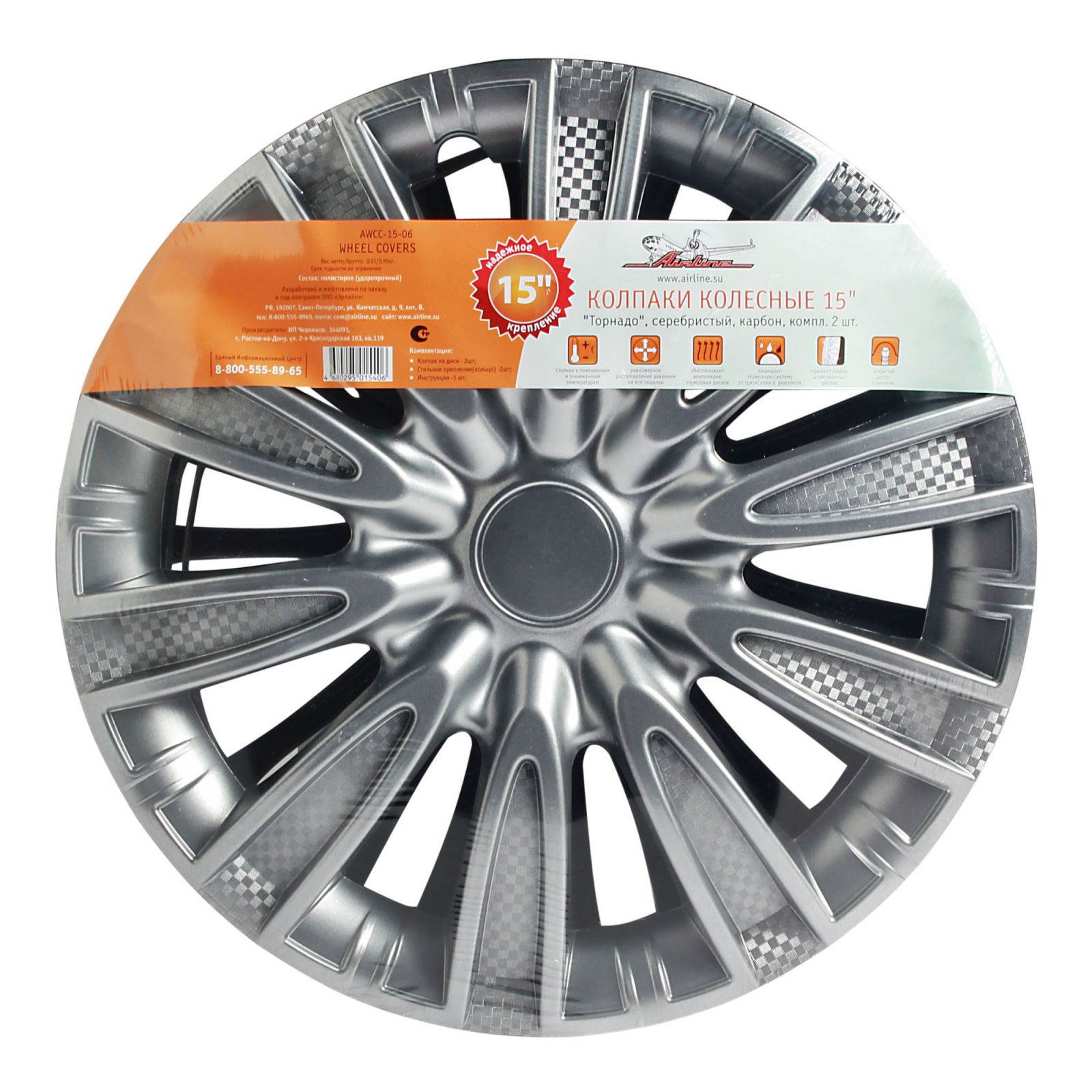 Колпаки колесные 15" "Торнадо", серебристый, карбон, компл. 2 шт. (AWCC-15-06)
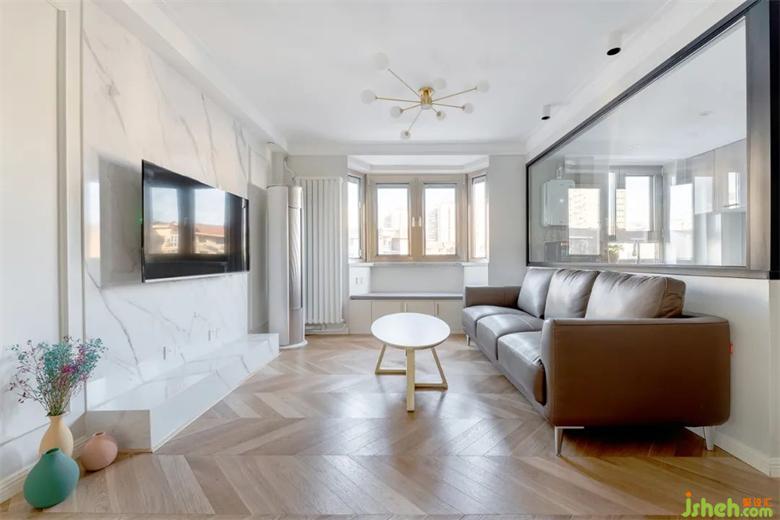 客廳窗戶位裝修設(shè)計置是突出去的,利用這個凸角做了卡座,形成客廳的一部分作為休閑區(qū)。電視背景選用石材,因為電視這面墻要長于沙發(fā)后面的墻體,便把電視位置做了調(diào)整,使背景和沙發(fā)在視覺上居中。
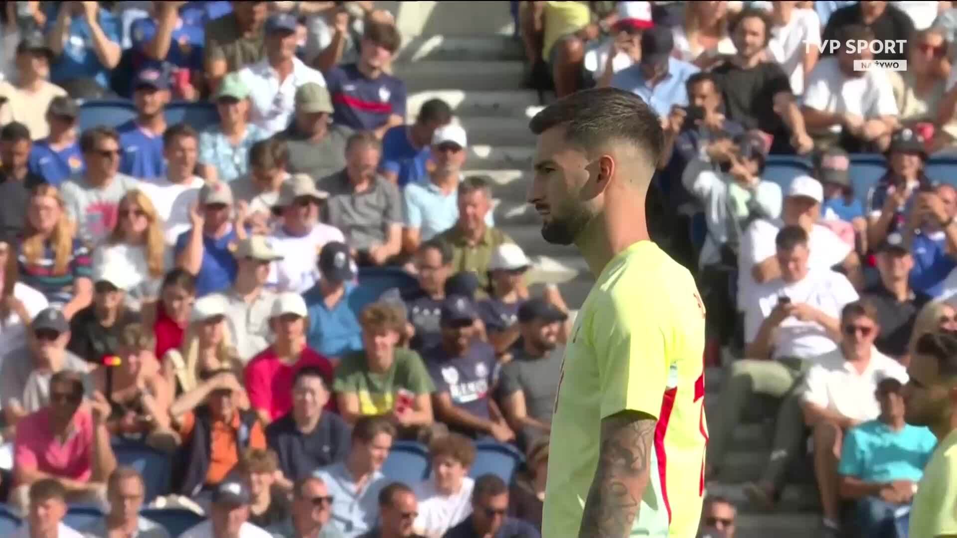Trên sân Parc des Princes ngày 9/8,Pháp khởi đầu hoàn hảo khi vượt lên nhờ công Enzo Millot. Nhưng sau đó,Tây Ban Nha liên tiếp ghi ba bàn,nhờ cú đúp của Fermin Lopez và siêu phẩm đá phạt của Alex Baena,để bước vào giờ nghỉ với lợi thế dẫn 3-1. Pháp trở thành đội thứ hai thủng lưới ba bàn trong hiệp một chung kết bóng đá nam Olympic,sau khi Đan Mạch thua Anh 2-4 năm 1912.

*Required work*:
Skip the pictures and restate exactly the lines from the beginning of the listing to the line with "客廳窗戶位裝修設(shè)計", that line included.

*Task result*:
 Колпаки колесные 15" "Торнадо", серебристый, карбон, компл. 2 шт. (AWCC-15-06)
 客廳窗戶位裝修設(shè)計置是突出去的,利用這個凸角做了卡座,形成客廳的一部分作為休閑區(qū)。電視背景選用石材,因為電視這面墻要長于沙發(fā)后面的墻體,便把電視位置做了調(diào)整,使背景和沙發(fā)在視覺上居中。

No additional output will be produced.